## Description of the task
Your answer must be the data repeated exactly, with no pictures in it.

## Records for the exercise
= = = = = = =

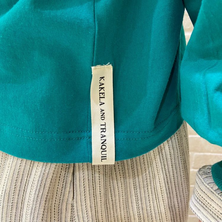 次は、【KAKELA and TRANQUIL / カケラ アンド トランクイル】の青味の強いグリーンカラーのコットンカットソーを使ってみました。
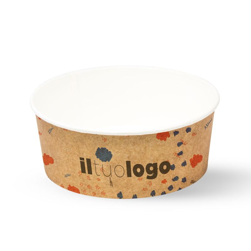 The 1100 ml white or havana cardboard bowls Ø165x66 (Ø Base 145) are perfect for serving salads, poké, noodles, rice, soups and many other first courses or side dishes. Made from quality polythene cardstock, these bowls offer a large capacity and a comfortable shape to enjoy your favourite dishes. You can customize them with your four-color graphics on the entire surface with a full bottom, adding a touch of professionalism and promoting your brand. In addition, the bowls can be accessorized with the transparent PET domed lid, which allows you to transport food safely and conveniently, while maintaining the freshness of the contents. Whether you run a restaurant, take-away or catering service, these cardboard bowls will be the ideal choice to meet the needs of your customers and present your dishes in an appealing way.
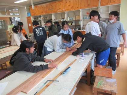 椅子の製作が始まりました。性格に切っていくことが、組み立てには大事なポイントです。
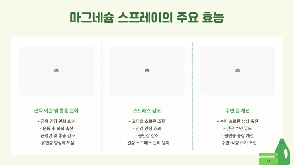 마그네슘 스프레이는 근육통 완화와 스트레스 감소에 효과적입니다. 운동 후 뭉친 근육에 뿌리면 통증을 완화하고, 근육의 긴장을 줄여줍니다. 특히, 마그네슘은 근육 이완에 중요한 역할을 하므로, 운동 후 회복에 큰 도움을 줍니다. 또한, 스트레스를 줄이는 데도 효과적이며, 심리적 안정감을 제공하는 데 기여합니다.
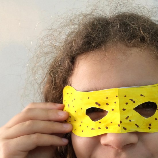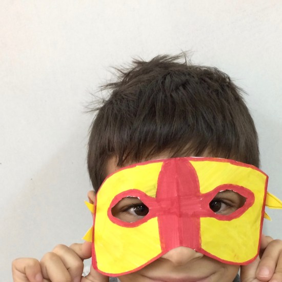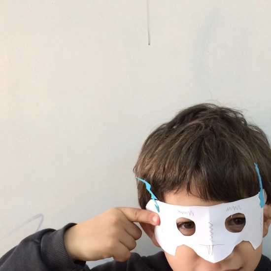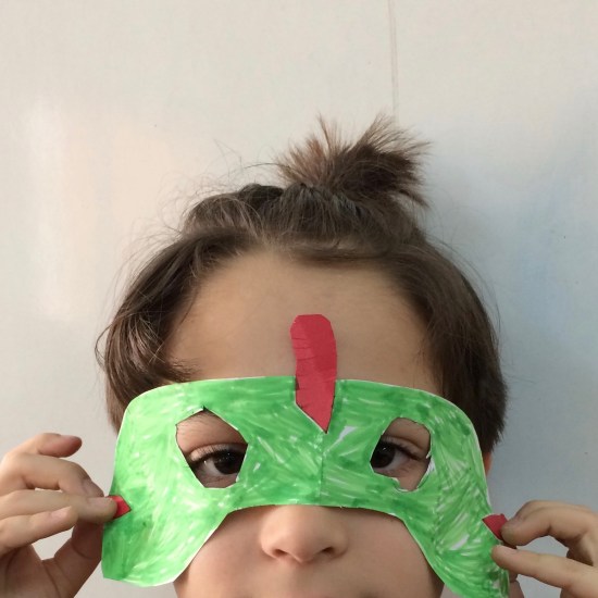Κατασκευάσαμε πολλές διαφορετικές μάσκες χρησιμοποιώντας φαντασία και εφευρετικότητα. Χρησιμοποιήσαμε τις παλάμες μας για τη βάση, καλαμάκια για να τις κρατάμε μπροστά στο πρόσωπο, λωρίδες από χαρτί για να τις στηρίξουμε στο κεφάλι. Μάθαμε πως μπορούμε να διπλώσουμε στη μέση το χαρτί και να κόψουμε μια μάσκα προσώπου με πανομοιότυπα μάτια. Διακοσμήσαμε ελεύθερα με χρωματιστά χαρτιά, μαρκαδόρους και ξυλομπογιές.
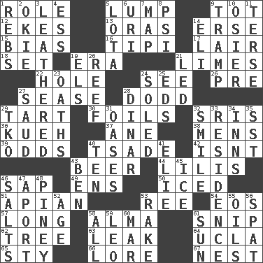 ACROSS 1. Hero or heavy, e.g. 5. Mass 9. Small child 12. Supplements with great effort 13. Mouths or openings 14. Celtic language 15. Prejudice 16. Native american tent (variation) 17. Den 18. Put into a specified state 19. Epoch 21. Citrus fruits 22. Hollow 24. Observe 26. Before (prefix) 27. Gospel singer Marvin 28. Texas town _ City 29. Small pie 30. Fencing necessities 32. Indian titles of respect 36. Malaysian steamed pastry 37. A saturated hydrocarbon 38. Not women's 39. Likelihood 40. Sadhe (variant) 42. Is not 43. Fermented drink made from hops 44. Ms. Damita and namesakes 46. Plant excrement 49. Followers of ems 50. On the rocks 51. Bee-related 53. To separate or throw off 54. Greek goddess of the dawn 57. Having great length 58. _ mater 61. Clip 62. Family _ (genealogy) 63. Path through which fluid escapes 64. Southern CA. univ. 65. Filthy place 66. Old wives' tales, e.g. 67. Egg locale DOWN 1. Confederate soldiers (slang) 2. Migrant worker of the '30s 3. Tough but pliablecoriaceous 4. Double-curved letter 5. Globular water bottle used in Asia 6. RI univ. 7. Atlas unit 8. 23rd letter of the Greek alphabet 9. _____ steamer (cargo ship) 10. Flexible twig of a willow tree 11. Laconic 14. Biblical high priest 19. Raised railways 20. Coral collection 21. Directed 23. Expletives 24. Having a sole or soles 25. Begley and Asner 27. Saudi Arabian king (1953-1964) 28. Middle Eastern gold or silver currency 29. Ring climax 31. Fertile tracts in a desert 32. Grin 33. Home 34. Lodging establishments 35. Fast jet (abbr.) 40. Nine, plus one 41. Writer Wiesel 43. Benjamin's nick name 45. Frozen water 46. Table seasonings 47. To the left, to Queeg 48. Abounding in pines 52. Mature 53. Libertine 55. Petroleums 56. Petty quarrel 58. Everything 59. Lion 60. Make imperfect 61. Player for Phoenix
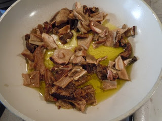 Na patelnie wlewamy oliwe i podsmazamy prawdziwki (jesli swieze to musimy je oczyscic z ziemi, dokladnie umyc i pokroic na cienkie plasterki; jesli suszone to najpierw musimy je moczyc kilka godzin w zimnej wodzie, nastepnie pokroic na drobne kawalki).
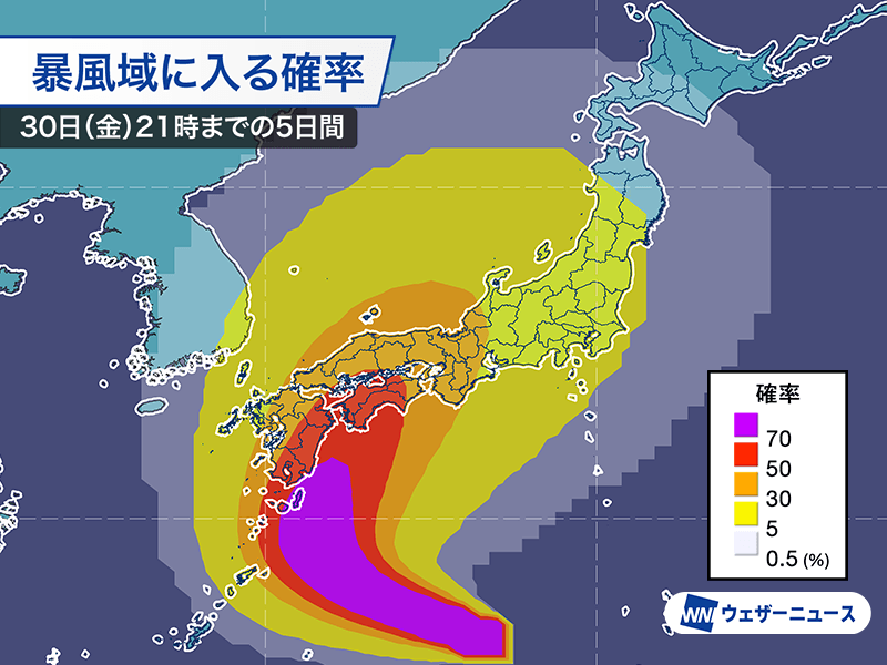 5日先までに台風の暴風域に入る確率がが50%以上の府県予報区は以下の通りです。(気象庁)

= = = = = = =

## Output for this exercise
 次は、【KAKELA and TRANQUIL / カケラ アンド トランクイル】の青味の強いグリーンカラーのコットンカットソーを使ってみました。
 The 1100 ml white or havana cardboard bowls Ø165x66 (Ø Base 145) are perfect for serving salads, poké, noodles, rice, soups and many other first courses or side dishes. Made from quality polythene cardstock, these bowls offer a large capacity and a comfortable shape to enjoy your favourite dishes. You can customize them with your four-color graphics on the entire surface with a full bottom, adding a touch of professionalism and promoting your brand. In addition, the bowls can be accessorized with the transparent PET domed lid, which allows you to transport food safely and conveniently, while maintaining the freshness of the contents. Whether you run a restaurant, take-away or catering service, these cardboard bowls will be the ideal choice to meet the needs of your customers and present your dishes in an appealing way.
 椅子の製作が始まりました。性格に切っていくことが、組み立てには大事なポイントです。
 마그네슘 스프레이는 근육통 완화와 스트레스 감소에 효과적입니다. 운동 후 뭉친 근육에 뿌리면 통증을 완화하고, 근육의 긴장을 줄여줍니다. 특히, 마그네슘은 근육 이완에 중요한 역할을 하므로, 운동 후 회복에 큰 도움을 줍니다. 또한, 스트레스를 줄이는 데도 효과적이며, 심리적 안정감을 제공하는 데 기여합니다.
Κατασκευάσαμε πολλές διαφορετικές μάσκες χρησιμοποιώντας φαντασία και εφευρετικότητα. Χρησιμοποιήσαμε τις παλάμες μας για τη βάση, καλαμάκια για να τις κρατάμε μπροστά στο πρόσωπο, λωρίδες από χαρτί για να τις στηρίξουμε στο κεφάλι. Μάθαμε πως μπορούμε να διπλώσουμε στη μέση το χαρτί και να κόψουμε μια μάσκα προσώπου με πανομοιότυπα μάτια. Διακοσμήσαμε ελεύθερα με χρωματιστά χαρτιά, μαρκαδόρους και ξυλομπογιές.
 ACROSS 1. Hero or heavy, e.g. 5. Mass 9. Small child 12. Supplements with great effort 13. Mouths or openings 14. Celtic language 15. Prejudice 16. Native american tent (variation) 17. Den 18. Put into a specified state 19. Epoch 21. Citrus fruits 22. Hollow 24. Observe 26. Before (prefix) 27. Gospel singer Marvin 28. Texas town _ City 29. Small pie 30. Fencing necessities 32. Indian titles of respect 36. Malaysian steamed pastry 37. A saturated hydrocarbon 38. Not women's 39. Likelihood 40. Sadhe (variant) 42. Is not 43. Fermented drink made from hops 44. Ms. Damita and namesakes 46. Plant excrement 49. Followers of ems 50. On the rocks 51. Bee-related 53. To separate or throw off 54. Greek goddess of the dawn 57. Having great length 58. _ mater 61. Clip 62. Family _ (genealogy) 63. Path through which fluid escapes 64. Southern CA. univ. 65. Filthy place 66. Old wives' tales, e.g. 67. Egg locale DOWN 1. Confederate soldiers (slang) 2. Migrant worker of the '30s 3. Tough but pliablecoriaceous 4. Double-curved letter 5. Globular water bottle used in Asia 6. RI univ. 7. Atlas unit 8. 23rd letter of the Greek alphabet 9. _____ steamer (cargo ship) 10. Flexible twig of a willow tree 11. Laconic 14. Biblical high priest 19. Raised railways 20. Coral collection 21. Directed 23. Expletives 24. Having a sole or soles 25. Begley and Asner 27. Saudi Arabian king (1953-1964) 28. Middle Eastern gold or silver currency 29. Ring climax 31. Fertile tracts in a desert 32. Grin 33. Home 34. Lodging establishments 35. Fast jet (abbr.) 40. Nine, plus one 41. Writer Wiesel 43. Benjamin's nick name 45. Frozen water 46. Table seasonings 47. To the left, to Queeg 48. Abounding in pines 52. Mature 53. Libertine 55. Petroleums 56. Petty quarrel 58. Everything 59. Lion 60. Make imperfect 61. Player for Phoenix
 Na patelnie wlewamy oliwe i podsmazamy prawdziwki (jesli swieze to musimy je oczyscic z ziemi, dokladnie umyc i pokroic na cienkie plasterki; jesli suszone to najpierw musimy je moczyc kilka godzin w zimnej wodzie, nastepnie pokroic na drobne kawalki).
 5日先までに台風の暴風域に入る確率がが50%以上の府県予報区は以下の通りです。(気象庁)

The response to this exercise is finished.